All the data that follows should be repeated exactly, without a single picture.

(Beginning of Dataset section)

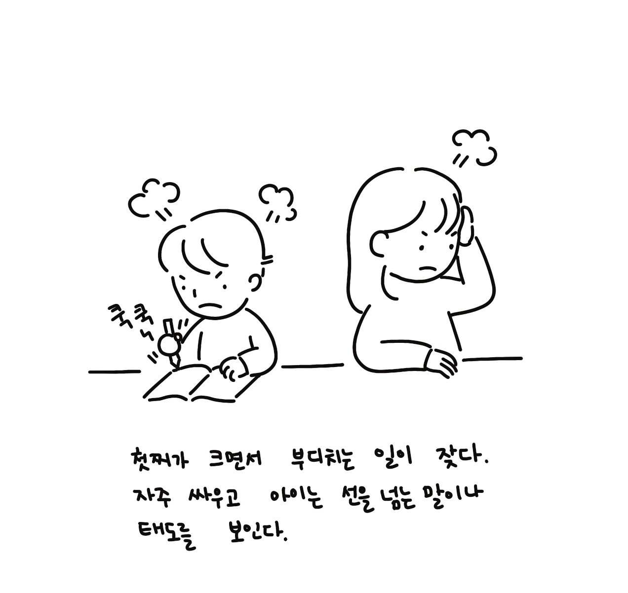 숙제를 봐주던 어느 날 자기 맘처럼 되지 않는 첫찌는 제말에 사사건건 토를 달고
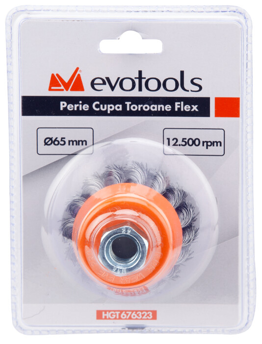 Perie Cupa Toroane Flex - Polizor Unghiular Evotools cu ax de montaj filetat M14 este destinata utilizarii pe polizoare unghiulare in operatii de curatire, debavurare, eliminare a oxizilor, vopselei, etc.;
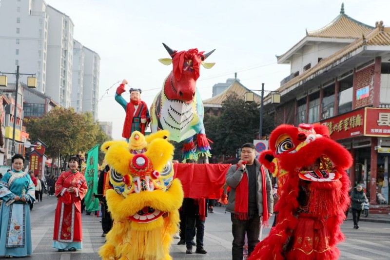 日前,南阳市内乡县举办“打春牛”、舞龙舞狮等民俗表演,吸引众多群众、游客前来观看,营造喜庆、欢乐的氛围,展现内乡的文化风貌、良好形象及发展成果。据了解,国家级非物质文化遗产“打春牛”这一习俗从周代开始并延续至清末的“鞭春牛”活动有着直接的联系,从单纯的土牛展示,到后来的“花装栏坐”、彩杖击打、谷麦抛撒,以至供奉于“堂中”,这一节日活动在不断完善和发展的过程中,逐渐形成了自己独特的文化内涵和表现形式。
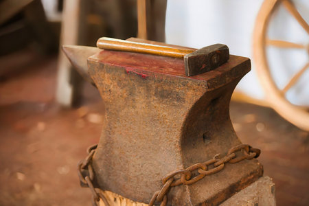 Close up photo shoot of hammer and anvil at dark smith workshop.

(End of Dataset section)

## Solution
 숙제를 봐주던 어느 날 자기 맘처럼 되지 않는 첫찌는 제말에 사사건건 토를 달고
 Perie Cupa Toroane Flex - Polizor Unghiular Evotools cu ax de montaj filetat M14 este destinata utilizarii pe polizoare unghiulare in operatii de curatire, debavurare, eliminare a oxizilor, vopselei, etc.;
 日前,南阳市内乡县举办“打春牛”、舞龙舞狮等民俗表演,吸引众多群众、游客前来观看,营造喜庆、欢乐的氛围,展现内乡的文化风貌、良好形象及发展成果。据了解,国家级非物质文化遗产“打春牛”这一习俗从周代开始并延续至清末的“鞭春牛”活动有着直接的联系,从单纯的土牛展示,到后来的“花装栏坐”、彩杖击打、谷麦抛撒,以至供奉于“堂中”,这一节日活动在不断完善和发展的过程中,逐渐形成了自己独特的文化内涵和表现形式。
 Close up photo shoot of hammer and anvil at dark smith workshop.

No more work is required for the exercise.